To the extent applicable, the information set forth in Item 8.01 of the Current
Report on Form 8-K is incorporated into this Item 1.01.

Item 8.01     Other Events.

On November 16, 2006, Cheniere Creole Trail Pipeline, L.P ("CCTP"), an indirect
wholly owned subsidiary of Cheniere Energy, Inc. ("Cheniere"), filed a motion
with the Federal Energy Regulatory Commission ("FERC") to partially vacate the
certificate of public convenience and necessity granted to CCTP by the FERC on
June 15, 2006 ("June 15 Certificate"). The June 15 Certificate authorized CCTP
to transport up to 3.3 Bcf/d of natural gas from the Creole Trail LNG receiving
terminal ("CTLNG Terminal") to downstream interconnects north and northeast of
the CTLNG Terminal. On August 4, 2006, CCTP also filed an application with the
FERC to add a segment connecting CCTP's pipeline with the previously authorized
Cheniere Sabine Pass Pipeline system at an interconnect near Johnson's Bayou,
Louisiana to the west of the CTLNG Terminal.

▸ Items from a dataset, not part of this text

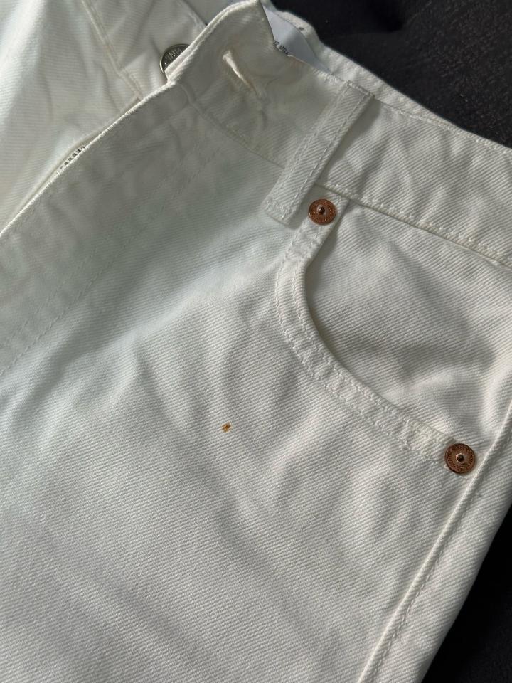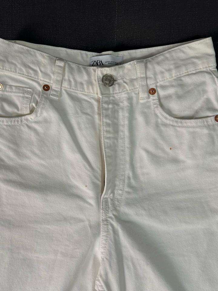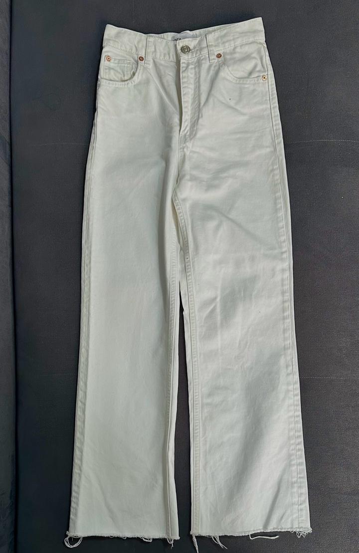 Белые джинсы Zara прямого кроя с высокой посадкой Ткань плотная Размер XS Подойдут на рост от 156 до 160 Лучше сядут на узкие или средние бёдра, на широких могут немного давить Есть небольшие пятна, но не сильно заметны в носке. Думаю, можно вывести, просто сама не пробовала Сидят аккуратно. Артикул: 572302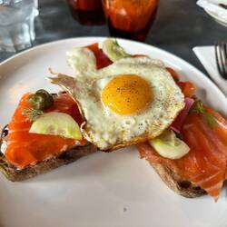Today was about having great food (mostly recommended from TikTok) and going wherever we felt moved (and enjoying the beautiful weather). We began a little later than usual with breakfast at Sain Boulangerie including a breakfast sandwich for Dave and lots of delicious pastries.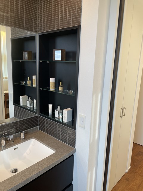 鏡のサイズに合わせた収納ニッチもキレイですねぇ~。よし!TTP決定👍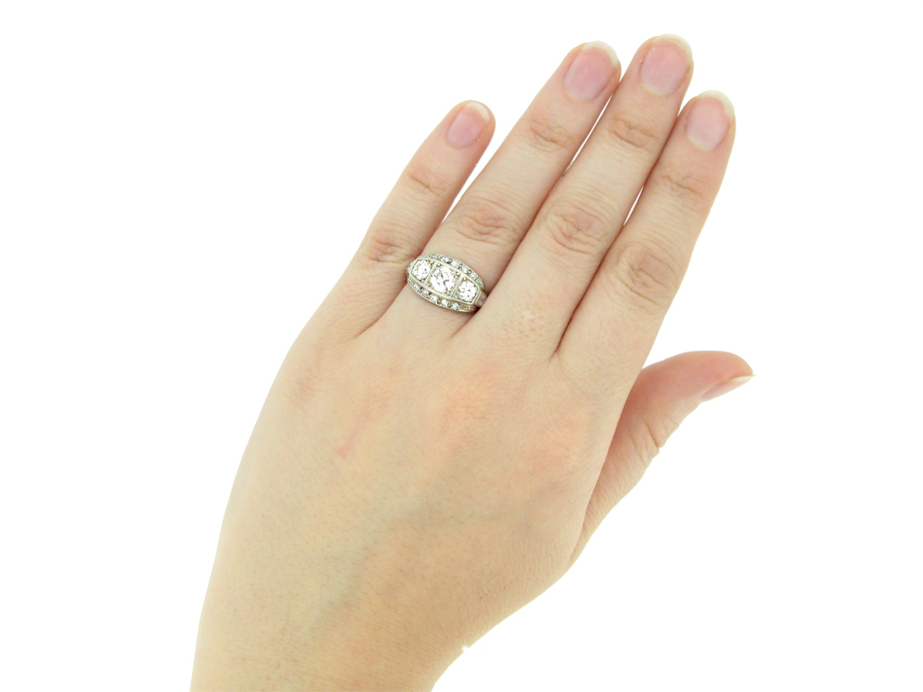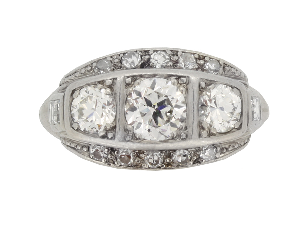 Diamond three stone cluster ring, circa 1930.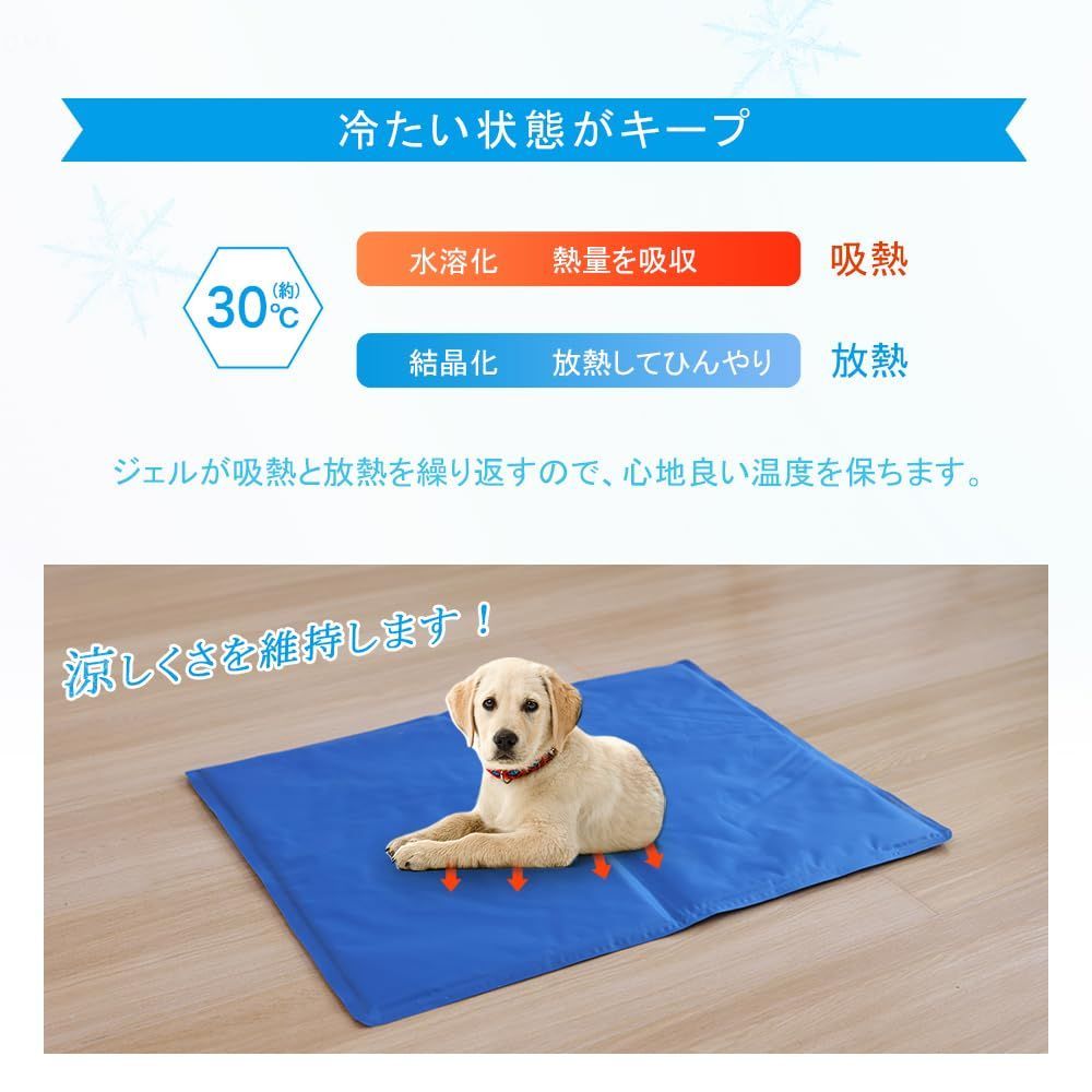 【夏のペット熱中症対策】本製品の中身は相変恒温素材で、塩を原料とした特殊冷却ジェルは常に一定の温度を保つ性質があります。30度以下になると冷えて結晶化し、30度以上になると熱を吸収して水溶化します。常温の室内に敷いておけばいつでも冷たい状態を保持できます。なので、長時間に使っていてもぬるくなれなくて、ペットは快適に横たわれます。

Cheniere Marketing, Inc. ("Cheniere Marketing"), an affiliate of CCTP, is
presently the sole contracted shipper on both components of the proposed Creole
Trail pipeline. Through discussions with Cheniere Marketing, CCTP determined
that a single pipeline to the north and northeast of the CTLNG Terminal (rather
than the dual pipeline as permitted under the June 15 Certificate), together
with the additional segment connecting CCTP's pipeline to the Cheniere Sabine
Pass Pipeline system to the west, will be sufficient for Cheniere Marketing to
satisfy its transportation requirements. This would result in a decrease in the
maximum design capacity of the pipeline extending to the north and northeast of
the CTLNG Terminal from 3.3 Bcf/d to 2.0 Bcf/d. Should market demand for
transportation service on the Creole Trail Pipeline increase as a result of the
CTLNG Terminal going into service, CCTP will seek additional FERC authorization
at that time to modify its receipt pattern and/or increase its pipeline capacity
as necessary to satisfy such demand. Once the CTLNG Terminal becomes
operational, the flow of gas on the Creole Trail Pipeline system may be
modified, with volumes moving both west and north/northeast from the CTLNG
Terminal, to accommodate the full sendout requirements of the CTLNG Terminal.
The increase in pressure resulting from operation of the CTLNG Terminal, in
conjunction with the modified receipt pattern, will enable CCTP to transport up
to 3.3 Bcf/d on a long term basis. Alternatively, CCTP may seek additional FERC
authorization to modify the Creole Trail pipeline via extension, looping and/or
compression addition as dictated by evolving market requirements.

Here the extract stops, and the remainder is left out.